TASK BRIEF:
Give again, word for word, the lines below that run from the line with "春节喜庆创意电子蜡烛灯装饰家" through the line with "Grāmata labi saglabājusies, bet". Drop the pictures.

━━━━━━━━━━━━━━━━━━━━

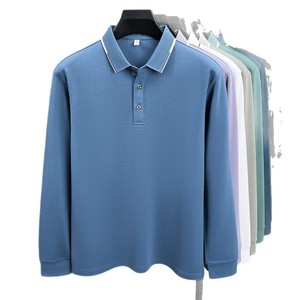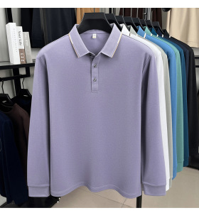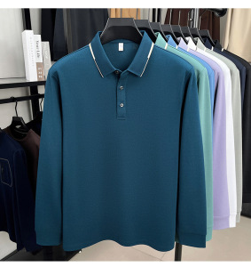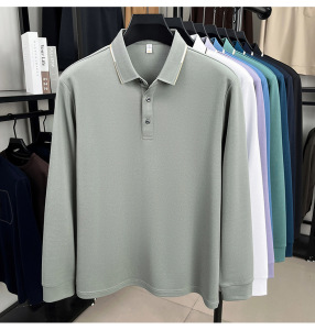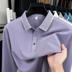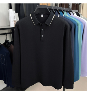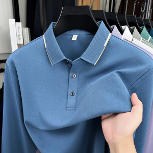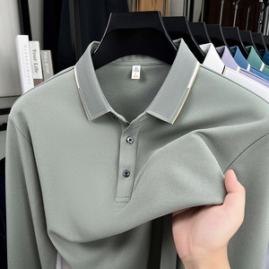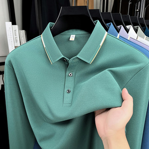 中老年爸爸长袖t恤男士真丝翻领春秋宽松高档打底体恤衫直播爆款
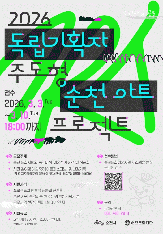 (Àç)¼øÃµ¹®È­Àç´ÜÀº Àü±¹ÀÇ Ã¢ÀÇÀûÀÎ µ¶¸³±âȹÀÚ¿Í ¼øÃµÀÇ ¿¹¼úÀÎÀ» ¿¬°áÇÏ¿© Áö¿ª¹®È­ÀÇ »õ·Î¿î °¡Ä¡¸¦ âÃâÇϴ¡®2026 µ¶¸³±âȹÀÚ ÁÖµµÇü ¼øÃµ ¾ÆÆ® ÇÁ·ÎÁ§Æ®¸¦ °ø¸ðÇÑ´Ù. À̹ø »ç¾÷Àº ±âȹÀÚÀÇ µ¶Ã¢ÀûÀÎ ½Ã°¢ÀÌ Áö¿ª ¿¹¼ú ÇöÀå¿¡ ½º¸çµé¾î ¿¹¼úÀÎÀÇ ±âȹÀû ¿µ°¨À» È®ÀåÇϰí, ³ª¾Æ°¡ ¼øÃµ¸¸ÀÇ µ¶º¸ÀûÀÎ ¹®È­ ºê·£µå¸¦ ±¸ÃàÇϱâ À§ÇØ ¸¶·ÃµÆ´Ù. °ø¸ðÁÖÁ¦´Â ¡ã¼øÃµ ¹®È­ÀÚ¿øÀÇ µ¿½Ã´ëÀû¡¤¿¹¼úÀû ÀçÇØ¼® ¹× ÀÛǰȭ ¡ã½Ã¹Î Âü¿©Çü ¿¹¼úÃàÁ¦(¾ÆÆ®Æä½ºÆ¼¹ú) ¹× ³­Àå ±âȹ Áß 1°¡Áö¸¦ ¼±ÅÃÇÏ¸é µÇ¸ç, À帣±¸ºÐ ¾øÀÌ À¶žº¹Ç
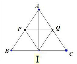 Cho tam giác ABC trung tuyến AI , qua I kẻ 1 đường thẳng song song với AC cắt AB tại P.qua I kẻ đường thẳng song song với AB cắt AC tại Q.
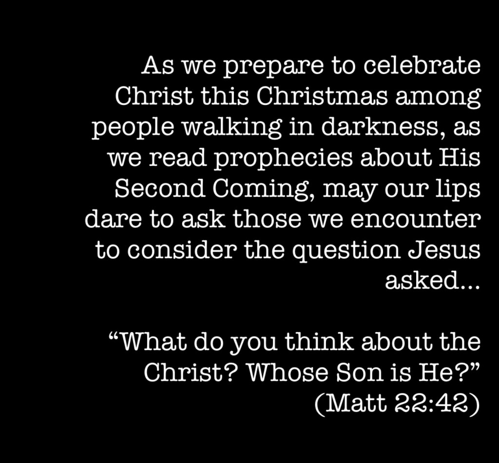 But as we prepare to celebrate Christ this Christmas among people walking in darkness, and as we read prophecies about the Second Coming of Christ, may our lips dare to ask those we encounter to consider the question Jesus asked, “What do you think about the Christ? Whose Son is He?” (Matt 22:42)
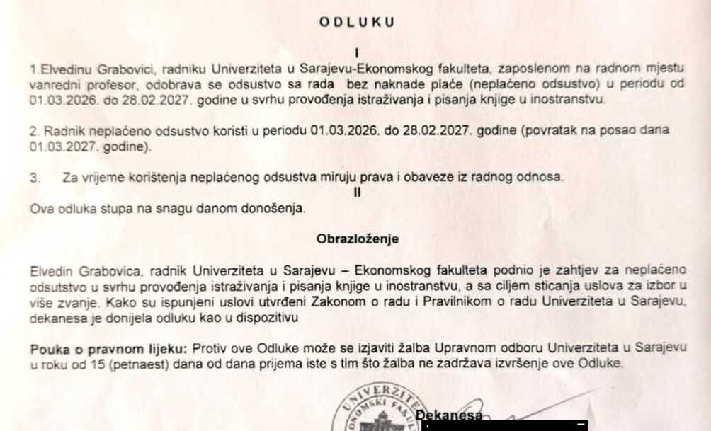 “Elvedinu Grabovici, radniku Univerziteta u Sarajevu – Ekonomskog fakulteta, zaposlenom na radnom mjestu vanredni profesor, odobrava se odsustvo sa rada bez naknade plaće (neplaćeno odsustvo) u periodu od 01.03.2026. do 28.02.2027. godine u svrhu provođenja istraživanja i pisanja knjige u inostranstvu. Radnik neplaćeno odsustvo koristi u periodu 01.03.2026. do 28.02.2027. godine (povratak na posao dana 01.03.2027. godine). Za vrijeme korištenja neplaćenog odsustva miruju prava i obaveze iz radnog odnosa”, navodi se u Odluci dekanese Ekonomskog fakulteta Melihe Bašić.
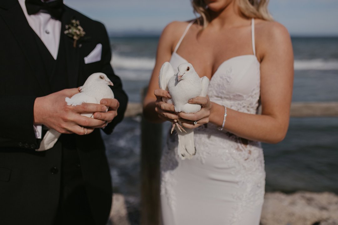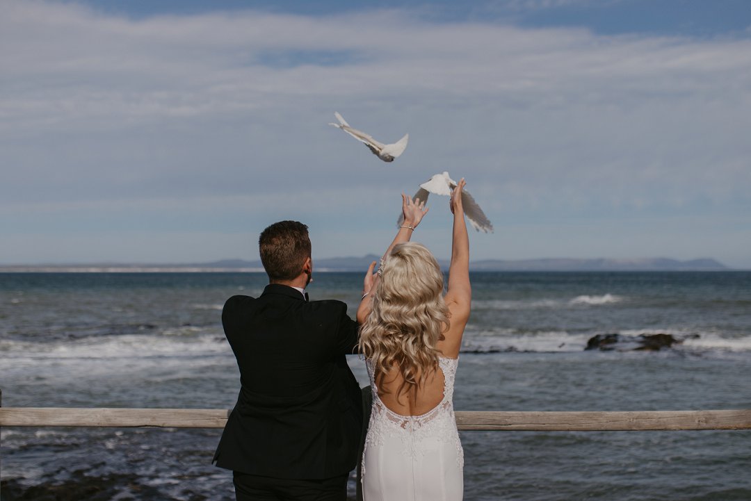 Dit tel dalk nie as ʼn tradisie nie, maar ons het twee wit duiwe vrygelaat op die strand. Ons hutsteken vir die troue was #geringdeSchyfieDuifie. Die duiwe was wit posduiwe wat terug gevlieg het na hulle eienaar.
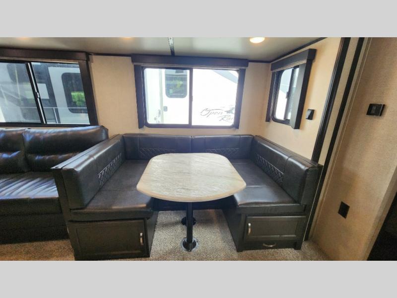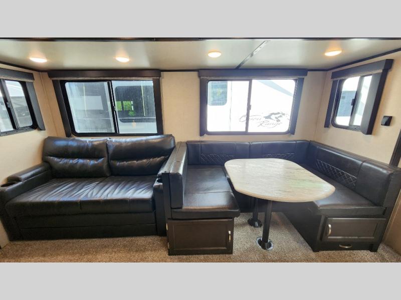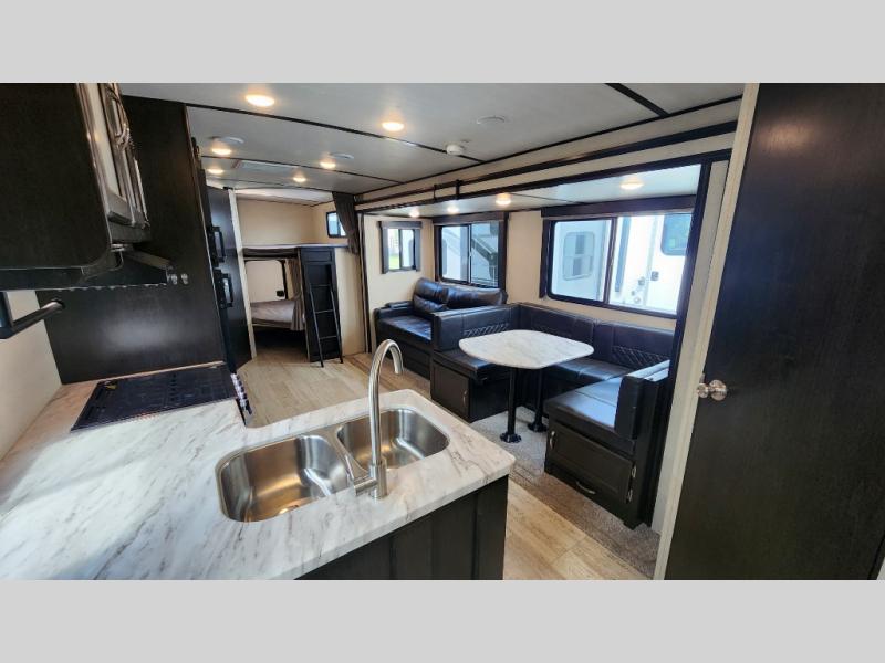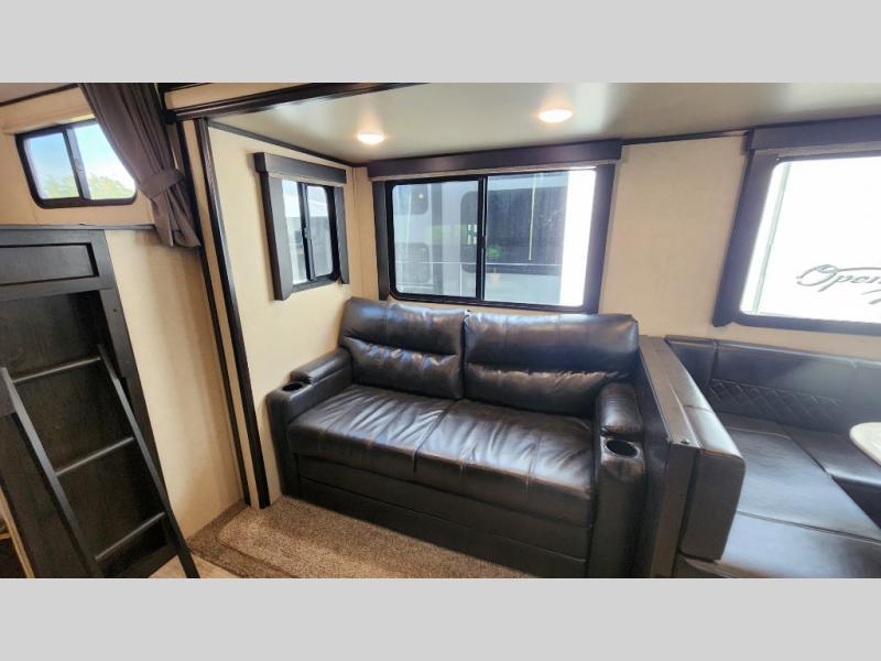 This Spirit Ultra Lite travel trailer offers you double-size bunk beds with two kids' convenience centers, a large slide that gives you more living space, and a U-shaped dinette and sofa that give you more sleeping space. If you flip up the lower double-size bunk in the rear, you will find extra storage with access from the exterior so that you can bring along your bikes, folding chairs, or coolers. The dual entry doors conveniently allow you to access the main living area or the full bathroom from outside so that you can get in and out without missing any of the fun. This model also includes Max Bed storage, an entry tool center, and plenty of exterior storage in the pass-through storage center.
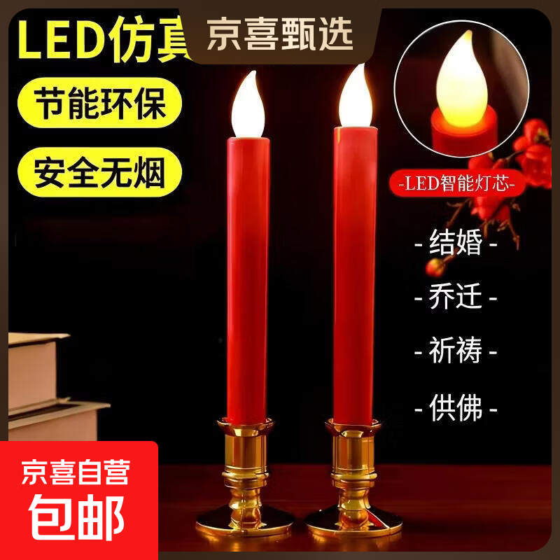 春节喜庆创意电子蜡烛灯装饰家用发光电池仿真蜡烛结 创意电子蜡烛【单只】带底座需自备2节7号电池
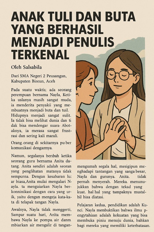 Kehidupan Nayla ini memberikan pelajaran yang luar biasa kepada kita. Pelajaran yang bisa kita ambil dari kisah Nayla ini adalah kegigihan dan kesabaran mengubah segala hal, meskipun menghadapi tantangan yang sangat besar, Nayla dan gurunya, Anita, tidak pernah menyerah. Mereka menunjukkan bahwa dengan tekad yang kuat, hal-hal yang tampaknya mustahil bisa diatasi.
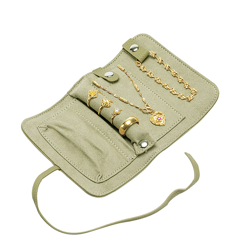 Ready-Made Leather Necklace, Earrings, and Ring Storage Bag, Portable Foldable Jewelry Bag, Accessories and Earrings Carry-On Jewelry Roll Bag
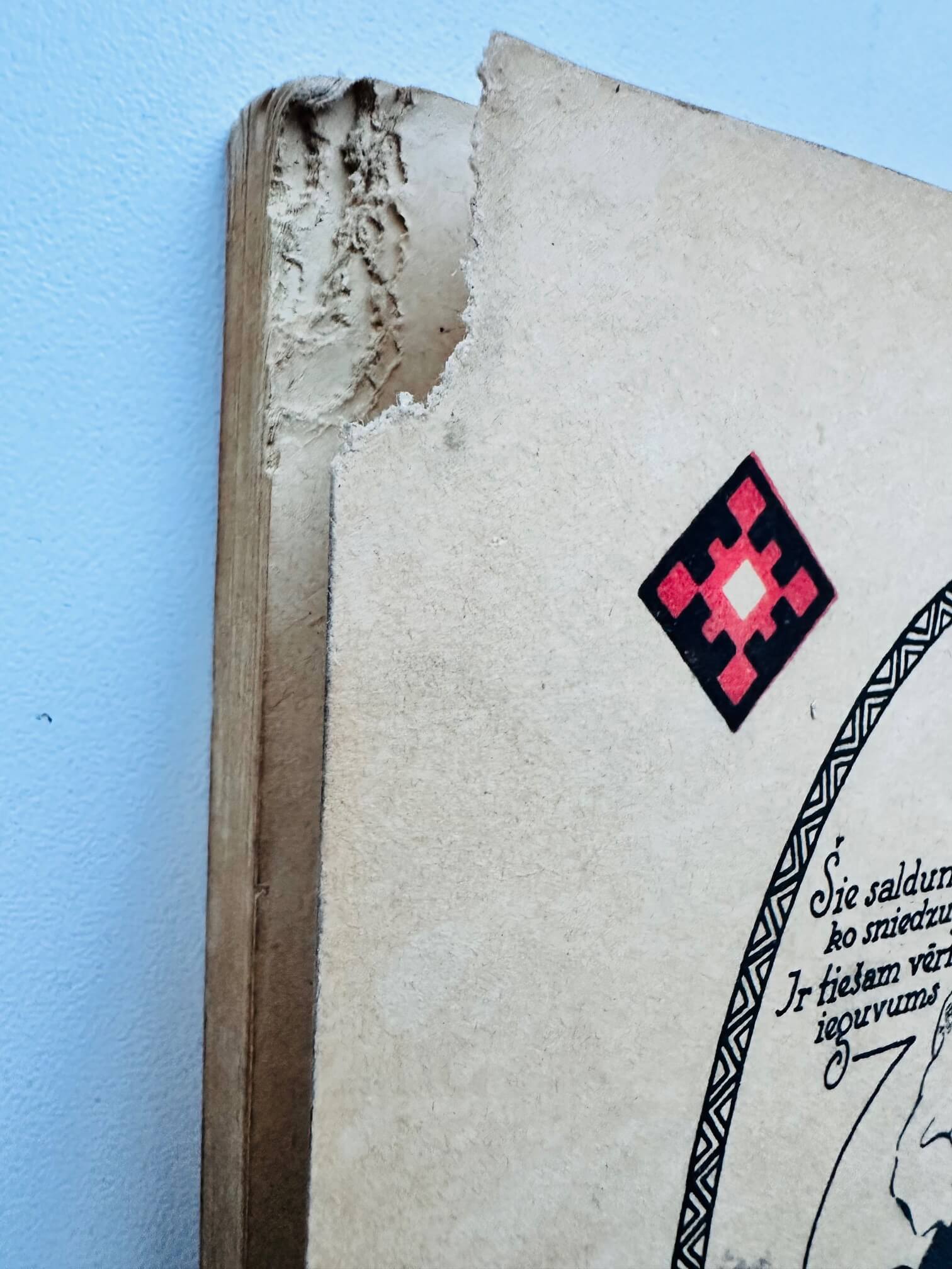 Grāmata labi saglabājusies, bet aizmugures vākam ir robs, papīra zudums augšējā kreisā stūrī. Tas ir skāris arī dažas pēdējās lappuses.
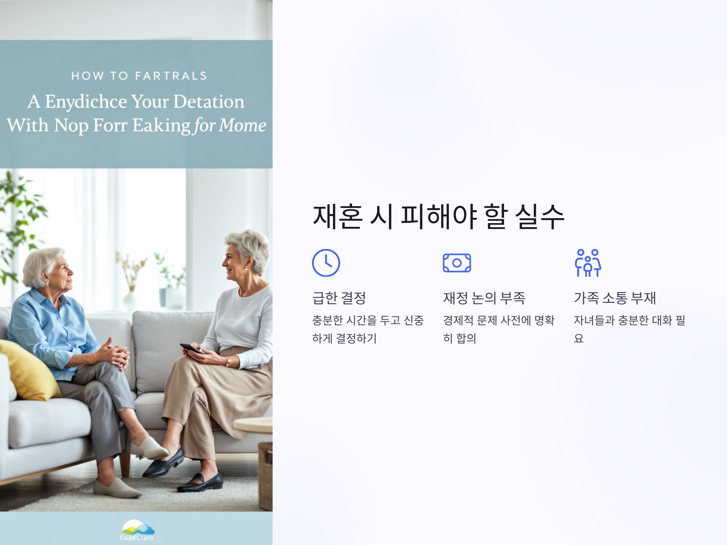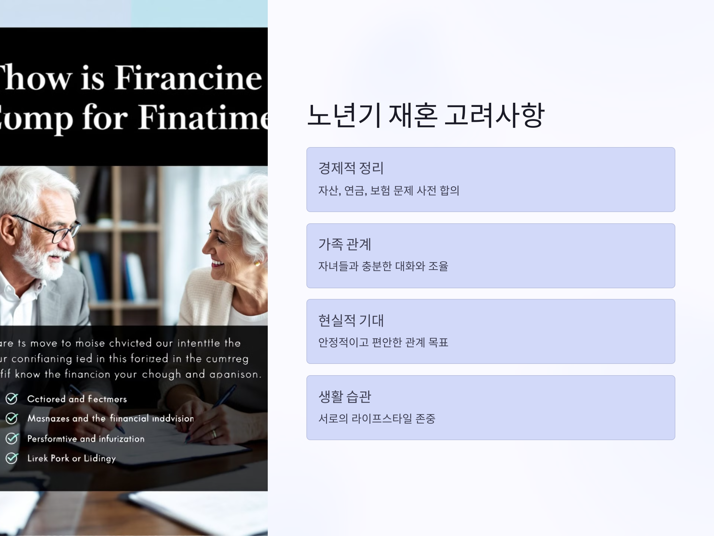 노년기의 재혼은 젊을 때와는 다른 요소를 고려해야 합니다. 첫째, 경제적인 부분을 명확하게 정리해야 합니다. 서로의 자산, 연금, 보험 문제를 사전에 충분히 논의하고 합의하는 것이 중요합니다.

━━━━━━━━━━━━━━━━━━━━

SOLUTION FOR THIS EXERCISE:
 春节喜庆创意电子蜡烛灯装饰家用发光电池仿真蜡烛结 创意电子蜡烛【单只】带底座需自备2节7号电池
 Kehidupan Nayla ini memberikan pelajaran yang luar biasa kepada kita. Pelajaran yang bisa kita ambil dari kisah Nayla ini adalah kegigihan dan kesabaran mengubah segala hal, meskipun menghadapi tantangan yang sangat besar, Nayla dan gurunya, Anita, tidak pernah menyerah. Mereka menunjukkan bahwa dengan tekad yang kuat, hal-hal yang tampaknya mustahil bisa diatasi.
 Ready-Made Leather Necklace, Earrings, and Ring Storage Bag, Portable Foldable Jewelry Bag, Accessories and Earrings Carry-On Jewelry Roll Bag
 Grāmata labi saglabājusies, bet aizmugures vākam ir robs, papīra zudums augšējā kreisā stūrī. Tas ir skāris arī dažas pēdējās lappuses.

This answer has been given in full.